City council has amended a report from City Staff regarding the re-allocation of $3.15 billion in federal funding to say they would consider endorsing the Ontario Line rather than the proposed downtown relief line, after a city review.
The previous staff report said the city would endorse the province’s priorities if their questions were answered in discussion with the province.
The staff recommendations come on the heels of the provincial budget which outlines a $28 billion transit plan that added several stops to the relief line.
The report, which council has yet to vote on, says an assessment of the proposed changes would include cost analysis, scheduling, and operational and network impacts. The commercial and technical merits of the changes would also be examined.

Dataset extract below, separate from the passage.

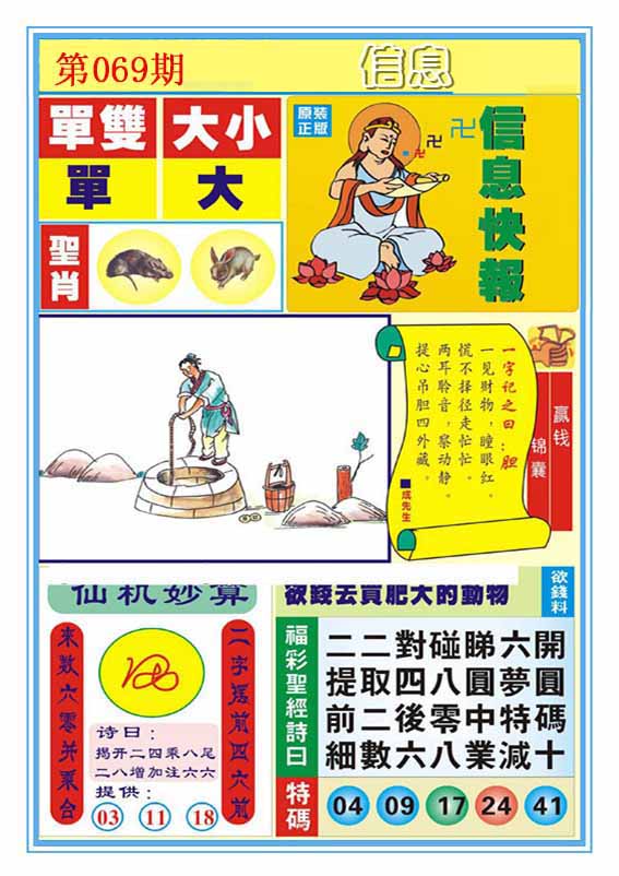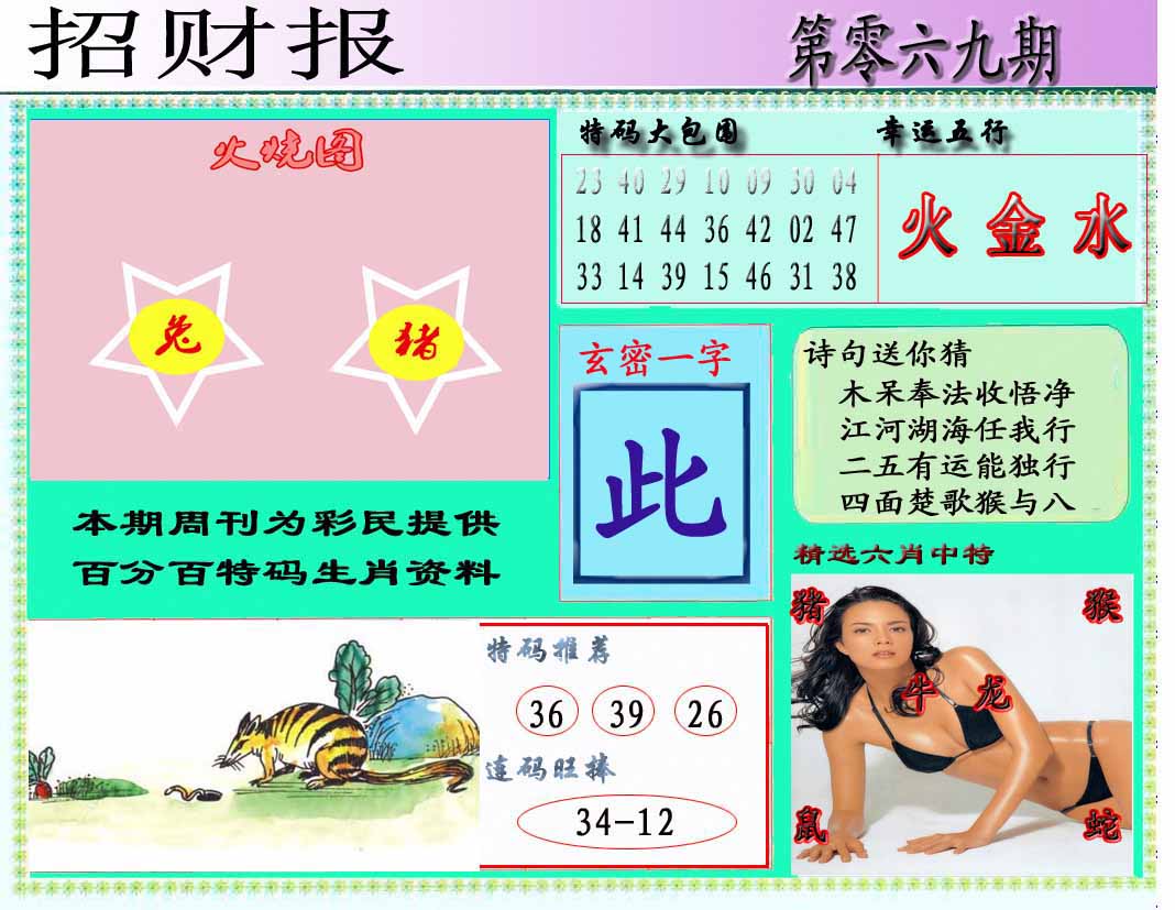 | 064期:精准五不中【23 41 25 34 18】鼠43 |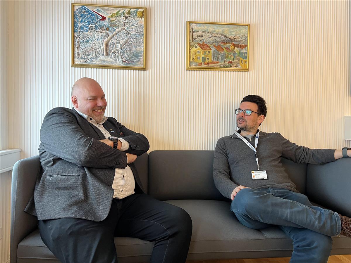 To menn sitter i en sofa, de smiler under samtalen. - Klikk for stort bildeF.v.: fylkesordfører Hans-Jacob Bønå (H) og ordfører i Sør-Varanger kommune, Magnus Mæland (H). Helén Andersen/ FFK

Mayor John Tory reiterated the re-allocation of funds would be contingent upon having the assessment completed.
When asked, Tory called the proposed Ontario Line “fundamentally different” from the city proposed downtown relief line. “There are huge numbers of unanswered questions about the operational details, about governance, about financing, about technology, and those must be answered.”
“We have said ‘we should go to the table and find out if this is in some way better than the relief line we proposed.’ Is the technology better? Is it going to be cheaper,” Tory adds.

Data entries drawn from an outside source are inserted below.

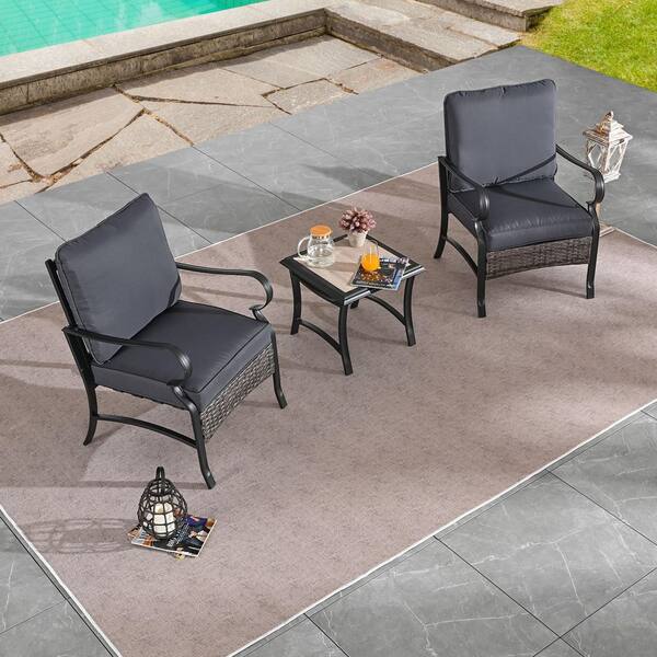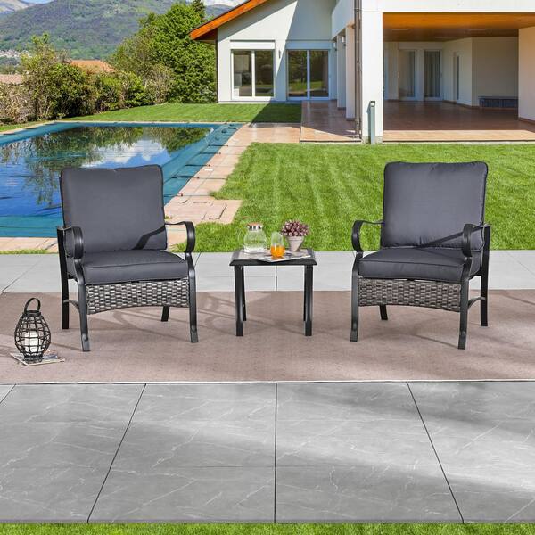 3-Piece Metal Outdoor Conversation Chairs Set with Grey Cushions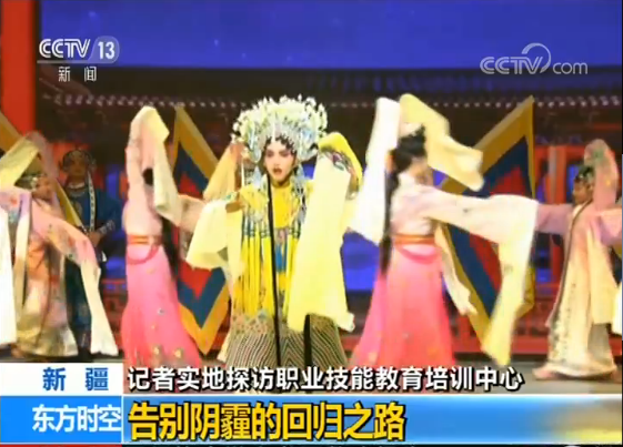 上面是伽师县职业技能教育培训中心一台晚会的演出现场,饰演杨贵妃的实际上是个帅气的小伙子,名叫阿布都拉·阿布都热依木。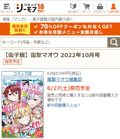 コミックシーモアで電撃マオウ・2022年10月号を税込210円で読む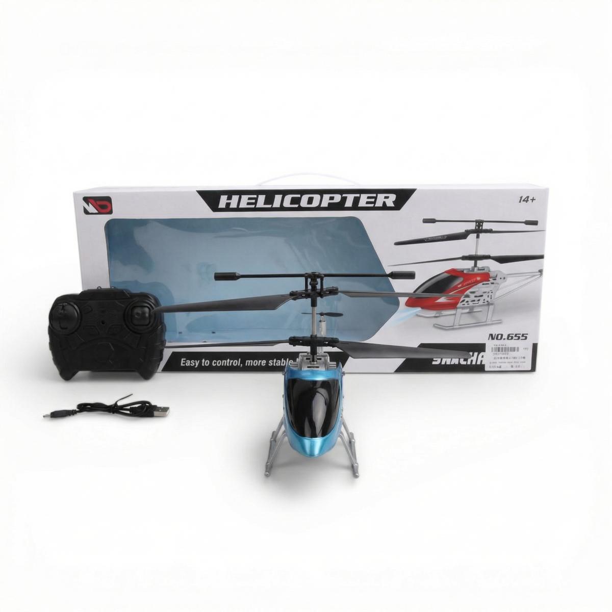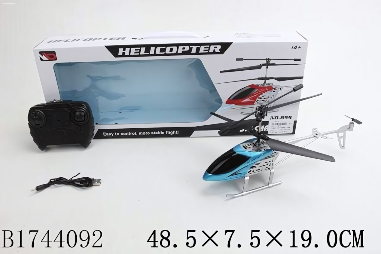 Вертолет на радиоуправлении "HELICOPTER NO.655", синий/черный, размер упаковки 48.5×7.5×19 см

The Relief Line South project has already used $15.4 million in funds and continued work will cost around $3.6 million per month. But, since the province’s design uses a different technology, build and contracting methodology, staff are recommending the city ask for reimbursement for any sunk costs.
They also propose asking the province for support to complete an assessment on the implications of a change at this stage in the project.
Staff also note to discuss with the province the impact of the $1.1 billion lost in gas tax funding over the next 10 years. Toronto had planned to pour $585 million into the TTC state of good repair program.
The provincial budget announcement Tory said he was “incredibly disappointed” in the broken campaign promise. He added Tuesday they will be discussing with the province about what other plans they might have to make up for that money.